Task description: Could you print exactly the lines of the listing below, starting at the line that has "幾種常見的儲能方式見表1。其" and ending at the line that has "USB Wireless Bluetooth", and only those lines?

Exercise data:
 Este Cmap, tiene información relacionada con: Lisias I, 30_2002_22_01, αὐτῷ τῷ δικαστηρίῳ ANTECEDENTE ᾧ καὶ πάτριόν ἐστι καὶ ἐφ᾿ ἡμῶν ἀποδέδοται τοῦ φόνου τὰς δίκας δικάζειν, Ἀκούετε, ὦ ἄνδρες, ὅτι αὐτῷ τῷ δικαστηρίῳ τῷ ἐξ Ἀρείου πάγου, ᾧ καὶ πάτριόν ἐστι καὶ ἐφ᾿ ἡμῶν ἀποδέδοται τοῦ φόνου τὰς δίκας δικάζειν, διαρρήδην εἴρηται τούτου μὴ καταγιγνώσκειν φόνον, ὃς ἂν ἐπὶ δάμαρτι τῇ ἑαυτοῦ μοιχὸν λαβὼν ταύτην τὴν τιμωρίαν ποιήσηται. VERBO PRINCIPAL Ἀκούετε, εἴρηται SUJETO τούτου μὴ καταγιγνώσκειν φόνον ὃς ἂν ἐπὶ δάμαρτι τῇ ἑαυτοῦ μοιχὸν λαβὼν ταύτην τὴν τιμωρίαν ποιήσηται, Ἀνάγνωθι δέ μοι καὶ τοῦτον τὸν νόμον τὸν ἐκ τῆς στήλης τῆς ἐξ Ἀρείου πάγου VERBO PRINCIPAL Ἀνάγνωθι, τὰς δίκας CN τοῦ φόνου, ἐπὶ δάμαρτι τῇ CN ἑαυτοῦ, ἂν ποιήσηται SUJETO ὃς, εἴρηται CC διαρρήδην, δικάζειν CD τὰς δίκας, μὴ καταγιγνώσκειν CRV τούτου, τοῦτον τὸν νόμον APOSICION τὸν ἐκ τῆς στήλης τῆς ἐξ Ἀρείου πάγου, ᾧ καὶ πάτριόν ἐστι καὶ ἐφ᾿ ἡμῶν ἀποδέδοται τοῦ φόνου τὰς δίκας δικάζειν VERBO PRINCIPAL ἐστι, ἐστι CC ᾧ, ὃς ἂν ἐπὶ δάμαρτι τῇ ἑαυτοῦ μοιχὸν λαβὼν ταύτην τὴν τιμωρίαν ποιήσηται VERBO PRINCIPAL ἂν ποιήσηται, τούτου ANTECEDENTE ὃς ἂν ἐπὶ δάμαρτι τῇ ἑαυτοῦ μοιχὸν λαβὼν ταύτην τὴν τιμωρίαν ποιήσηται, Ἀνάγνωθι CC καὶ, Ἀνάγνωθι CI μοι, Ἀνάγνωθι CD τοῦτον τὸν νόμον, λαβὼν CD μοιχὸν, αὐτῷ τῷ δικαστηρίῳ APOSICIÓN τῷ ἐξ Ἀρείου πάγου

---

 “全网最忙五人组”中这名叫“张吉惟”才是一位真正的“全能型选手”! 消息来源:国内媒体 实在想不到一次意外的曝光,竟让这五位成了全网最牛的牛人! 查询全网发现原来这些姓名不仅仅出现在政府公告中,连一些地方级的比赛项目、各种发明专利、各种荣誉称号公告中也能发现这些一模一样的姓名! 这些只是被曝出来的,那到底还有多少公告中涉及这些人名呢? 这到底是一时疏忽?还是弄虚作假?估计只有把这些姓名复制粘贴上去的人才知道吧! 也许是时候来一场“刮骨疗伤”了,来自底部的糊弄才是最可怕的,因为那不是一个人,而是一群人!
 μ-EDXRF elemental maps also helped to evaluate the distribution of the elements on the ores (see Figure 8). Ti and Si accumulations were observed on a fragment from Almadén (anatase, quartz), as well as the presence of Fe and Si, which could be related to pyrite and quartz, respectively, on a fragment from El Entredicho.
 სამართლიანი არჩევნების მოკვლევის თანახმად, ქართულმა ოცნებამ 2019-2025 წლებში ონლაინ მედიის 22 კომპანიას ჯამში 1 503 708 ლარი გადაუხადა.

* * *

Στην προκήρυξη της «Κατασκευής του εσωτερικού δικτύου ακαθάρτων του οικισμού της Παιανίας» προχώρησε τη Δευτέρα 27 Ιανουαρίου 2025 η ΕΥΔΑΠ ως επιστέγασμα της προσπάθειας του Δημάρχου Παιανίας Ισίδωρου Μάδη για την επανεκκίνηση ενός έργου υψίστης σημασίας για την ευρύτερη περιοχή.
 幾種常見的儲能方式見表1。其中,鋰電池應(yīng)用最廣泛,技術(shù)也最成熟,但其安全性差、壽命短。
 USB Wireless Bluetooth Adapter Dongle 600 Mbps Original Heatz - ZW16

Problem solution:
 幾種常見的儲能方式見表1。其中,鋰電池應(yīng)用最廣泛,技術(shù)也最成熟,但其安全性差、壽命短。
 USB Wireless Bluetooth Adapter Dongle 600 Mbps Original Heatz - ZW16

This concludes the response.